Wait...Toyota might not be responsible for every accident ever?
Remember when it couldn't just be sticky gas pedals that caused Toyotas to accelerate uncontrollably? After large Toyota recalls made national headlines, some argued, there were just too many examples of speeding Camrys and Lexuses for these events to be about anything but deep corporate negligence -- instead of, say, an elderly driver losing control of his car or a distracted motorist mistaking the gas pedal for the brake.
The problem was huge. The whole industry, some alleged, knew that its electronic systems were vulnerable to electromagnetic interference, among other defects. Lawyers encouraged the sense that corporate wrongdoing was responsible for "thousands of these accidents" that kept "killing and maiming" people, implicitly offering vindication to drivers. Even if you didn't have a floor mat problem or a sticky gas pedal, that horrendous accident you caused might not have been your fault. Perhaps it was your cellphone. Or some lousy code written in Asia.
All of this had a way of exaggerating the importance of an unexpected and therefore terrifying scenario -- in which the car does too much of the driving for you -- instead of reminding Americans that poor judgment among drivers is a much bigger problem.
But government investigators reported Tuesday that there are no electronic defects in the recalled Toyotas. Even after they bombarded them with electromagnetic radiation and sorted through thousands of lines of proprietary software code.
So that accident was the fault of your sticky pedal or your intrusive floor mat -- not some unseen, deranged, HAL-like computer -- or it probably really was your fault, after all. Suddenly, the problem doesn't seem quite as sprawling.
Of course, Toyota still messed up on the mechanical defects it did build into its cars, and it's probably responsible for an unacceptable number of accidents.
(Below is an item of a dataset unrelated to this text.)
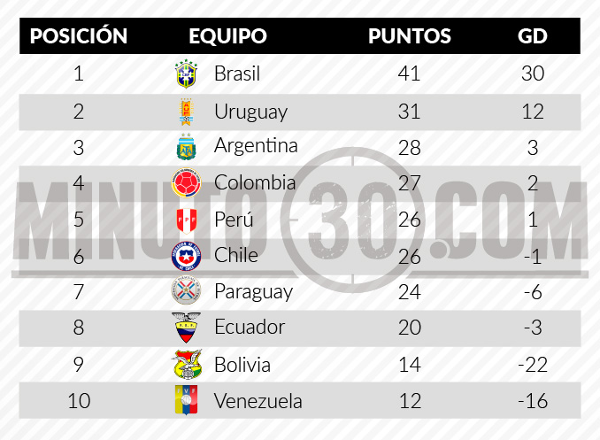 Por su parte, Uruguay, se quedó con el segundo lugar, con 31 unidades; Argentina fue tercero con 28; y Colombia cerró el grupo de los clasificados de forma directa, con 27 unidades.
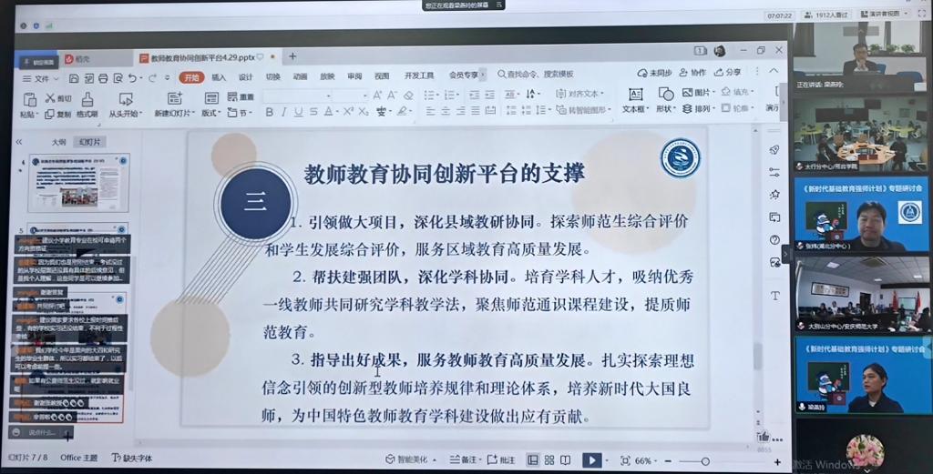 4月29日,教育部普通高校人文社会科学重点研究基地北京师范大学教师教育研究中心发起主办《新时代基础教育强师计划》专题研讨会通过线上线下形式顺利举行。bat365官网作为北京师范大学教师教育研究中心西北分中心设立分会场,组织教育学科相关教师参加了本次研讨会,梁燕玲教授做了主题发言。

It should have taken early warnings about sudden acceleration seriously and sooner.
But the big point is that the explanation for many puzzling or tragic phenomena is more often mundane than novel, more often boring than terrifying -- and rather less convenient for those who want someone else to blame. Americans would probably be a lot better off if they spent more time keeping their eyes on the road than worrying about whether their car's going to pull a Herbie on them.